Glücke did so, frowning. The frown disappeared magically, to be replaced by a scowl. “Filed!”
“Exactly. And when you examine Ty’s typewriter, you’ll find that the b and d and t are similarly filed. There could be only one purpose in a deliberate mutilation of typewriter keys — identification of the machine from a sample of its writing. Well, who would want Jack Royle’s machine to be easily identified as the machine which typed the code sheet behind the anonymous letters? Jack Royle? Hardly, if he was sending them. And the same goes for Ty and his machine.”
“I know, I know,” said Glücke irritably. “Framed, by God.”
“So we can be sure of several things. First, that Jack Royle did not send those card messages to Blythe. Second, that Ty Royle did not send those card messages to Bonnie. And third — this follows a pattern of probability — from the fact that the same method of mutilation was used on both machines, filing of keys, a conclusion that the same person mutilated both, and consequently the same person sent both series of messages.”
“But a frame of two men!”
“See what we have. Originally a plan to murder Blythe, and in doing so to frame Jack for the murder by the device of sending those otherwise infantile messages, leaving a trail to them through Jack’s typewriter.”
“But Jack was killed, too.”
“Yes, but we also know the murderer had to change his original plans. Somehow that change necessitated the killing of Jack and the abandonment of the frame-up against him by virtue of the very fact that he had to be murdered.”
“But the cards kept coming.”
“Because the murderer had set up the machinery for having them mailed and didn’t want to risk stopping it. Think now, Glücke. We have a change of plan. Jack’s murder. Then the cards start coming to Bonnie. Had the original plans been followed through, it’s reasonable to assume that Jack would continue to be framed. But with Jack dead, some one else must be framed for the threats against Bonnie. Who? Well, we know now it’s Ty being framed for those threats. It all adds up to one thing.”

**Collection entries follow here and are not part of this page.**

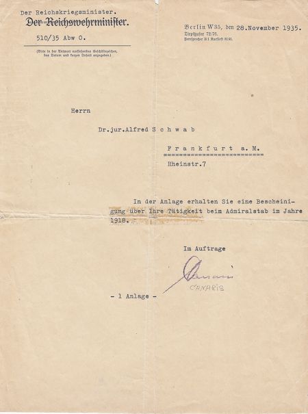 (1887-1945) German admiral and head of the German intelligence agency Abwehr. T.L.S. "Canaris" in indelible pencil on Reichskriegsminister Abwehr letterhead, 1p. 4to., Berlin, Nov. 28, 1935 to attorney Dr. Alfred Schwab advising that attached (not present) is a certification of Schwab's employment in the Admiralty in 1918. Tape stain affects text at center, else very good.
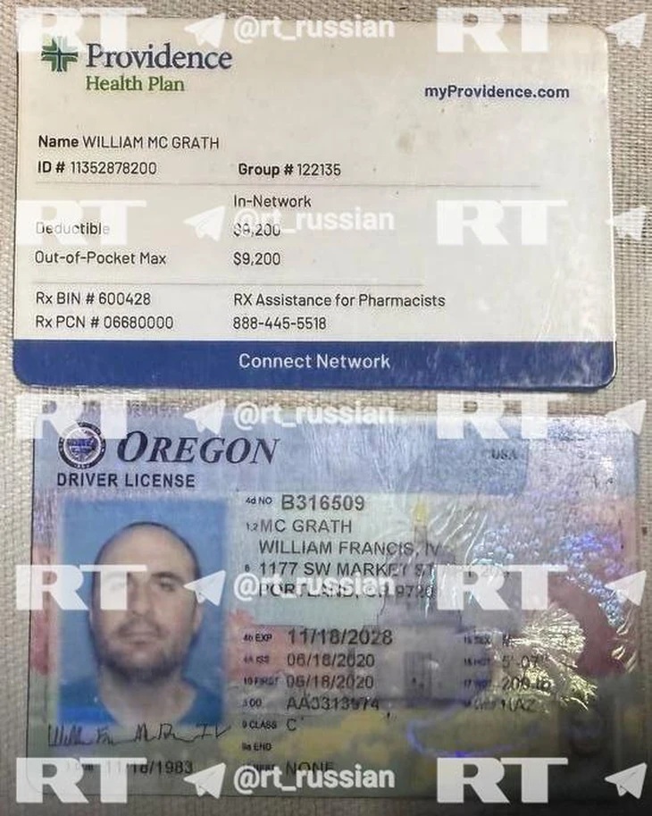 Giấy phép lái xe bang Oregon (Mỹ) mang tên William Francis McGrath - Ảnh: RT.
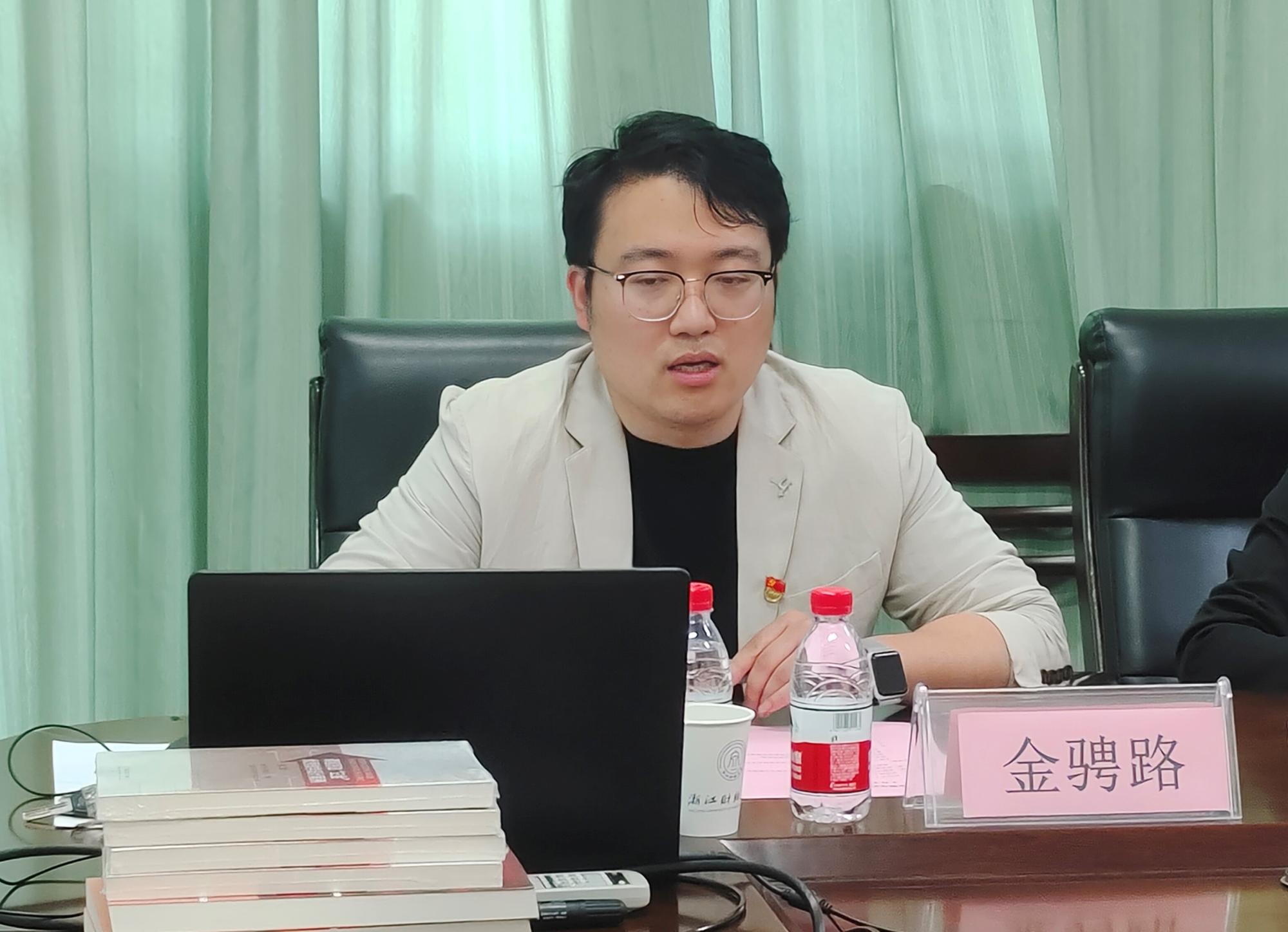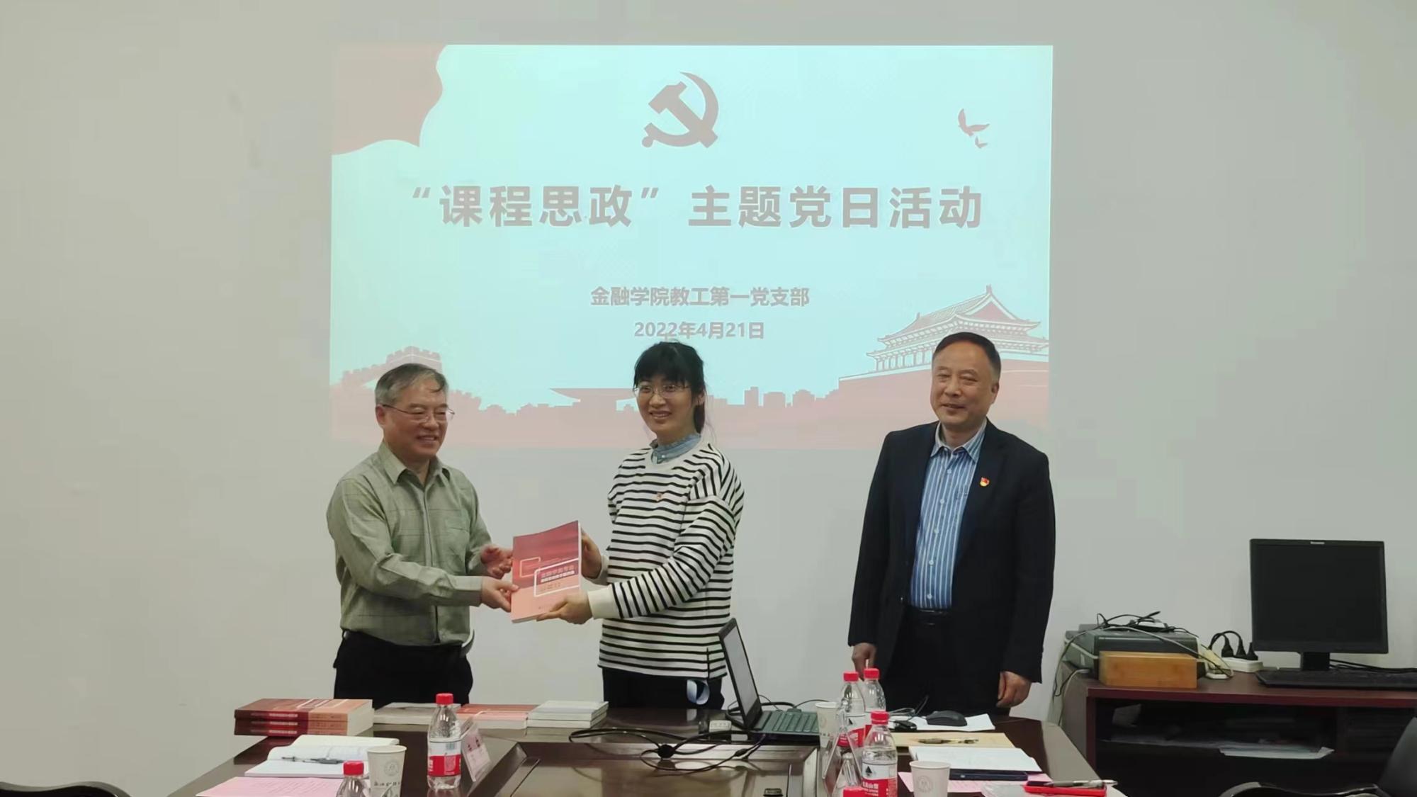 首先,教工第一党支部书记金骋路结合金融学专业建设向大家介绍了课程思政建设背景。他强调在金融学专业培养目标中,“良好的思想政治素质”应排在首位,课程思政建设的基础在课程、重点在思政、目标是立德树人,“我们要在教学的过程中,与员工做同行者,以多思维、多角度去进行思政教育。”

“Keep talking,” said the Inspector intently.
“Some one is using the Royle-Stuart feud as a motive background for his crime. He’s throwing you a ready-made motive. So the feud can’t be the motive at all.”
“The pilot!”
Ellery looked thoughtful. “Any trace of the pilot yet?”
“Damned shadow simply vanished. We’re still plugging along on it. I’ve sort of become discouraged myself.” He eyed Ellery. “Did you know I’ve cleared Alessandro?”
“Cleared?” Ellery elevated his brows.
“That hundred and ten grand Jack owed him was really paid. No doubt about it.”
“Was there ever any?”
The Inspector looked suspicious. “You knew it!”
“As a matter of fact, I did. How did you find out?”
“Checked over bank accounts. Found that Jack had cashed a check for a hundred and ten thousand dollars in the bank on the morning of Thursday, the fourteenth.”
“Not his bank, surely; they wouldn’t honor a check of that size for him so quickly. Tolland Stuart’s bank?”
“How’d you know that?” exploded Glücke.
“Guessed. I do know the check was signed by old man Stuart and was dated the thirteenth. I know because I asked the terrible-tempered old coot just yesterday.”
“How come Stuart forked over all that dough to Jack? Jack didn’t mean anything to him. Or did he?”
“I think not. It was Blythe’s work. She took Jack with her that Wednesday to see her father, pleaded for the money for Jack’s sake, not for her own. He says he gave it to her to get rid of both of them.”
“Sounds screwy enough to be true. Even if it wasn’t the reason, the signature’s genuine; we know the old gent did make out a check for that amount.”
“Anything else turn up?”
“Nope. Our leads on Jack’s lady-friends petered out; every one of ’em had an alibi. And the poison — not a trace.” Ellery drummed on the arm of his chair. Glücke scowled. “But this frame-up, now. If Ty’s being framed, this last card was an awful dumb one to send the girl! What kind of cluck are we dealing with, anyway?”
“A cluck who puts morphine into people’s cocktails and sends ’em dumb messages. Perplexing, isn’t it?”